═════ The records ═════

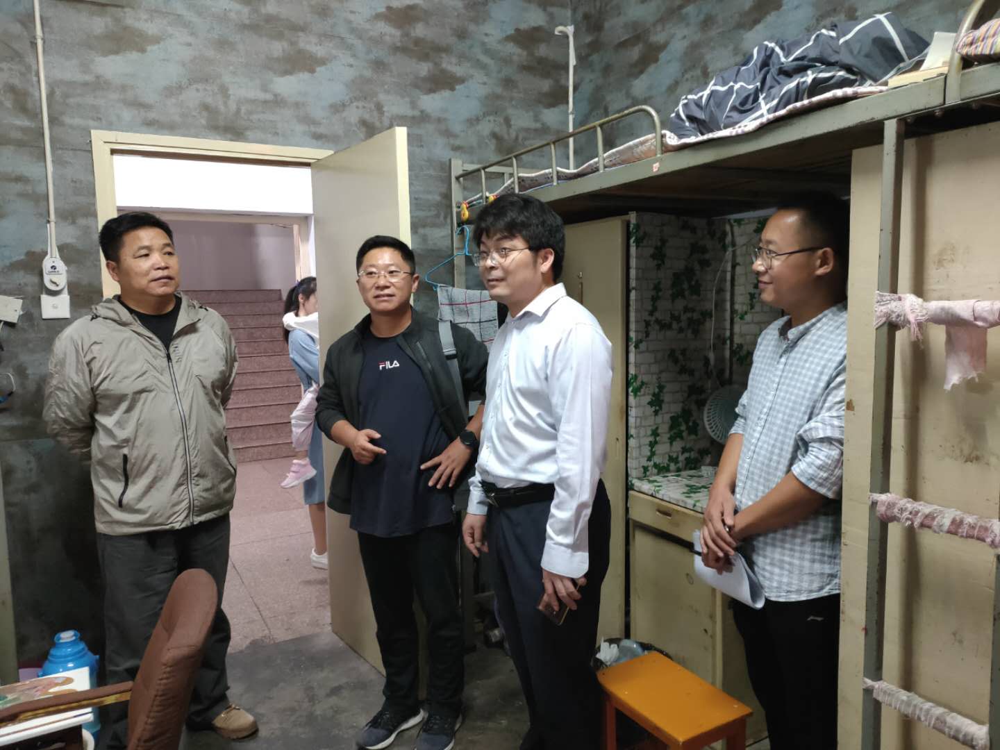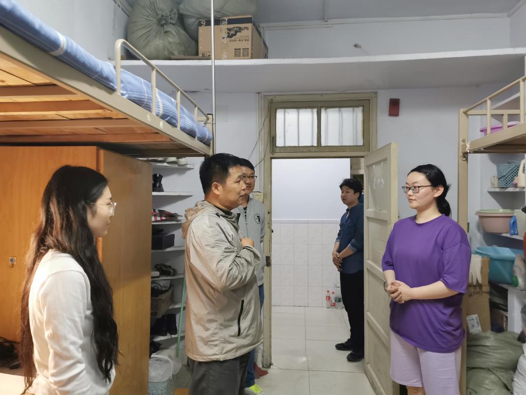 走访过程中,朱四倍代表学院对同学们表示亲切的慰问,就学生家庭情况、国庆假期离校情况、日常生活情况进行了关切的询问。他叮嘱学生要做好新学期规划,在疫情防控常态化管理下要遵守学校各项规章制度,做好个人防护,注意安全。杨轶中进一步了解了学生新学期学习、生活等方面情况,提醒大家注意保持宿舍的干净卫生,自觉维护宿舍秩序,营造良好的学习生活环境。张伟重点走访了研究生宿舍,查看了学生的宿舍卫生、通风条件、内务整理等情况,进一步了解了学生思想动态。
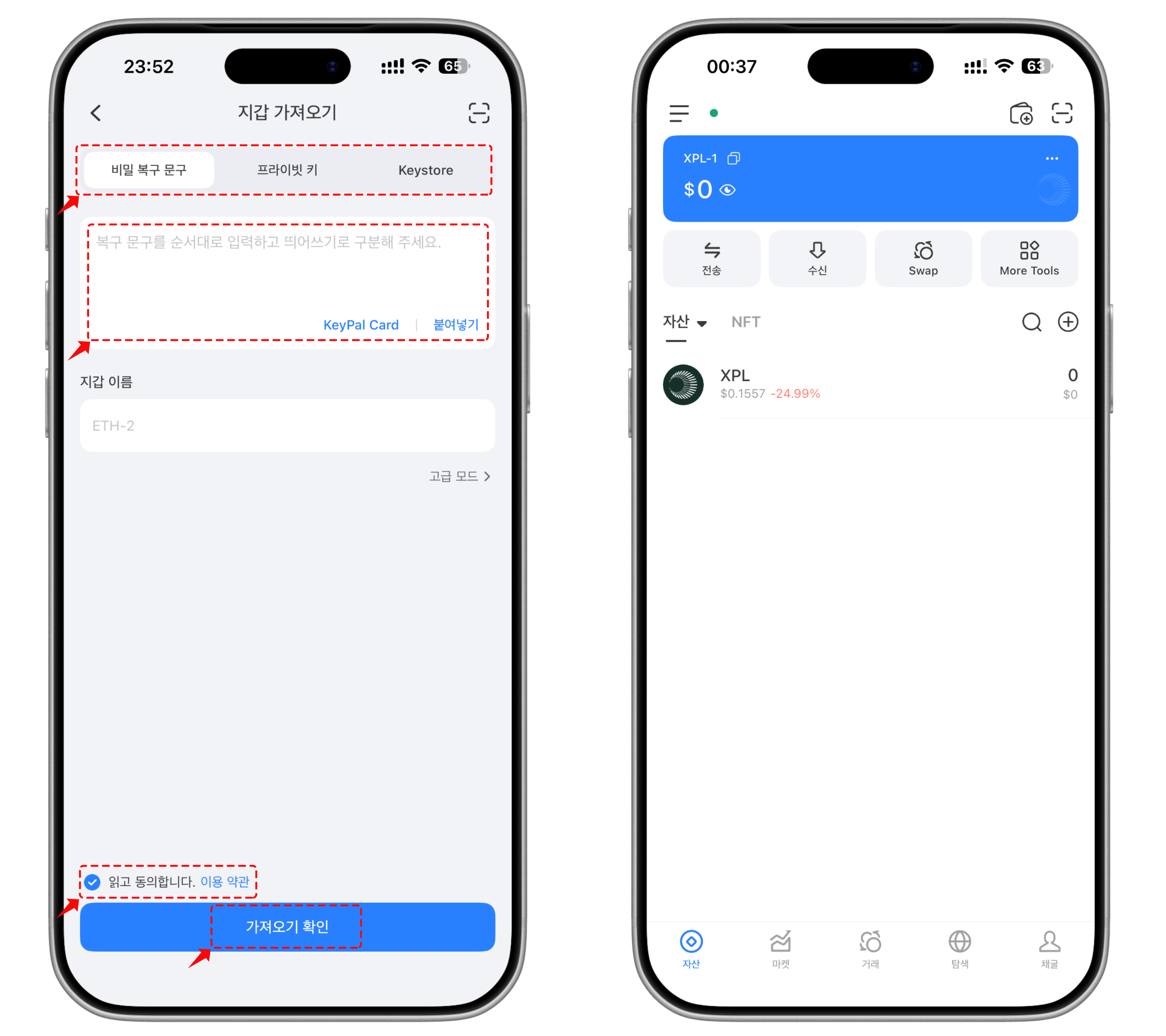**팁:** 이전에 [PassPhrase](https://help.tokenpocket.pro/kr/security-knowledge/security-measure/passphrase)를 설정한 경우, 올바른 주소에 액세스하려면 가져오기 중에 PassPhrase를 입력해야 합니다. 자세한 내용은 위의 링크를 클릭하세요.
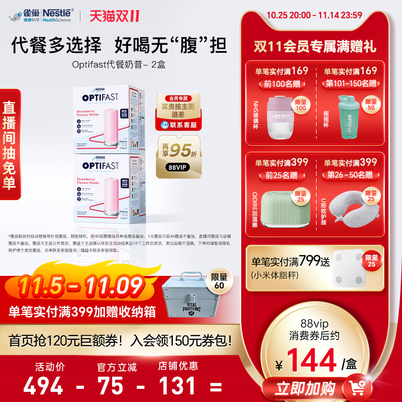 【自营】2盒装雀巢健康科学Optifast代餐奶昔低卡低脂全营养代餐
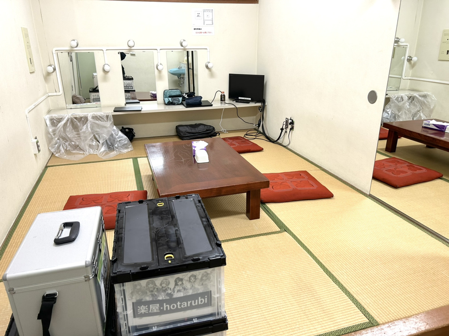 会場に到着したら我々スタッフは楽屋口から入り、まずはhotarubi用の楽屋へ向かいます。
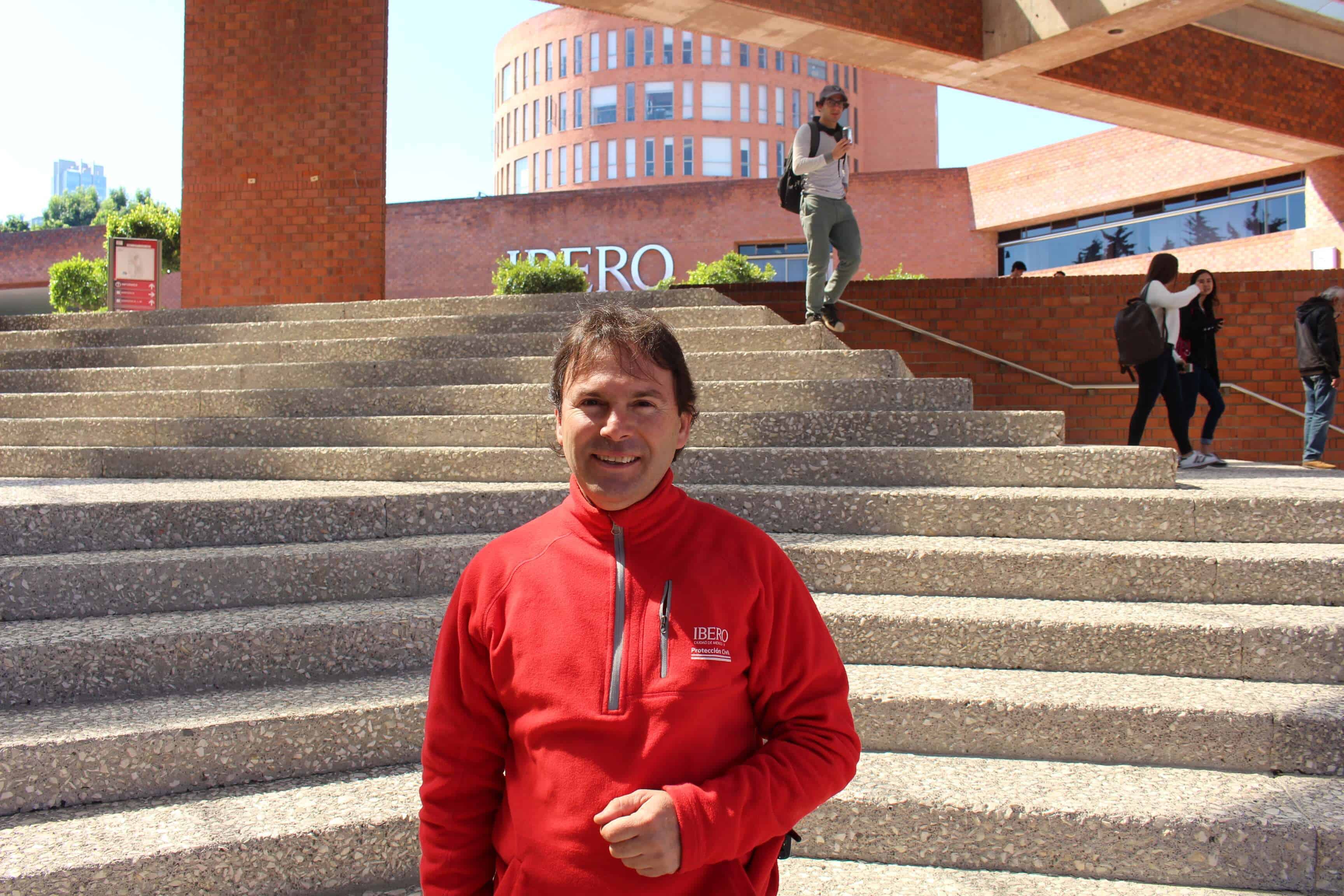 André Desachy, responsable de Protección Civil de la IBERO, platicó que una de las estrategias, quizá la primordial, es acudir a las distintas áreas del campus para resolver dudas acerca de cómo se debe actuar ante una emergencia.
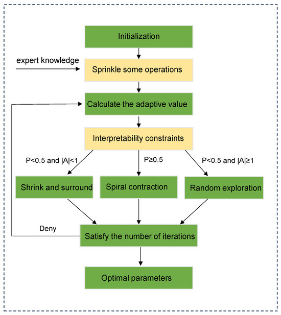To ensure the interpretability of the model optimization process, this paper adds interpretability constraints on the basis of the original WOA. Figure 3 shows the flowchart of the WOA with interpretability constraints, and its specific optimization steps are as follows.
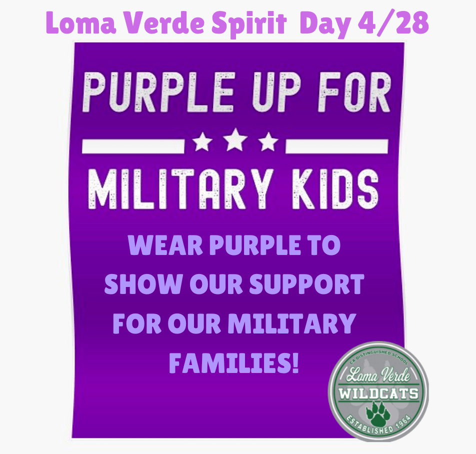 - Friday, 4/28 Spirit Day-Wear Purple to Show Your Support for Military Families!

═════
═════ The records ═════

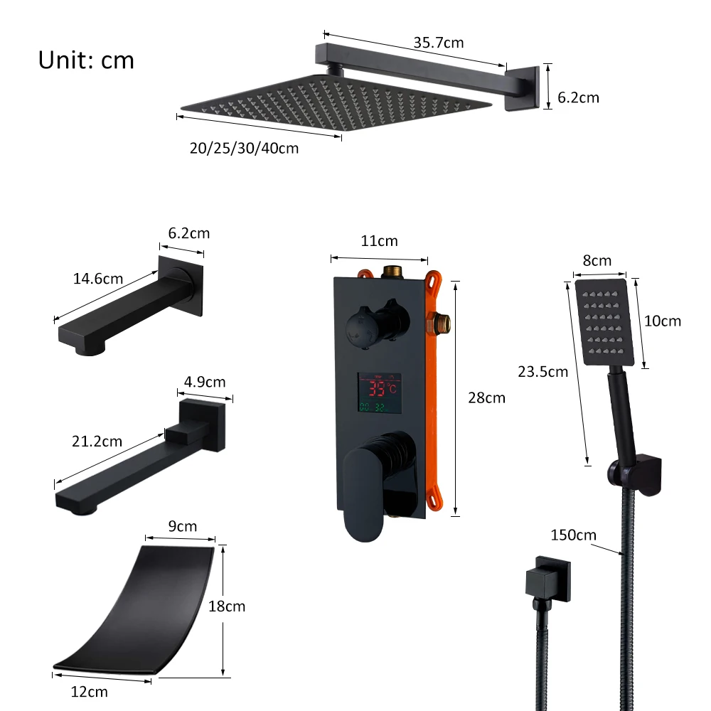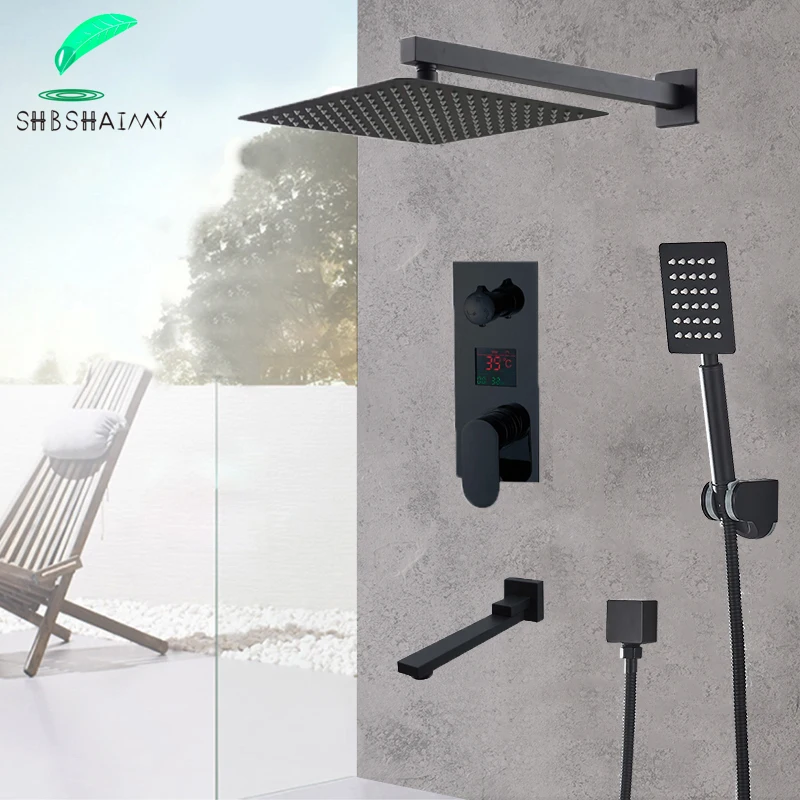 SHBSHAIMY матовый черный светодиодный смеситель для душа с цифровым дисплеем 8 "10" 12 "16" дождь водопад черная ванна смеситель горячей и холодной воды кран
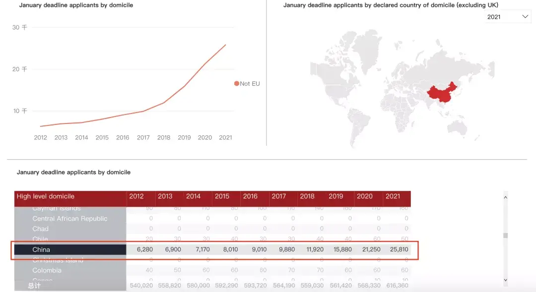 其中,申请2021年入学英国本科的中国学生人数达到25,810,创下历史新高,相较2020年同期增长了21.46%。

═════

In the entries above, find the line containing "To ensure the" and the line containing "- Friday, 4/28", then copy both and every line between them exactly, without any picture.

To ensure the interpretability of the model optimization process, this paper adds interpretability constraints on the basis of the original WOA. Figure 3 shows the flowchart of the WOA with interpretability constraints, and its specific optimization steps are as follows.
 - Friday, 4/28 Spirit Day-Wear Purple to Show Your Support for Military Families!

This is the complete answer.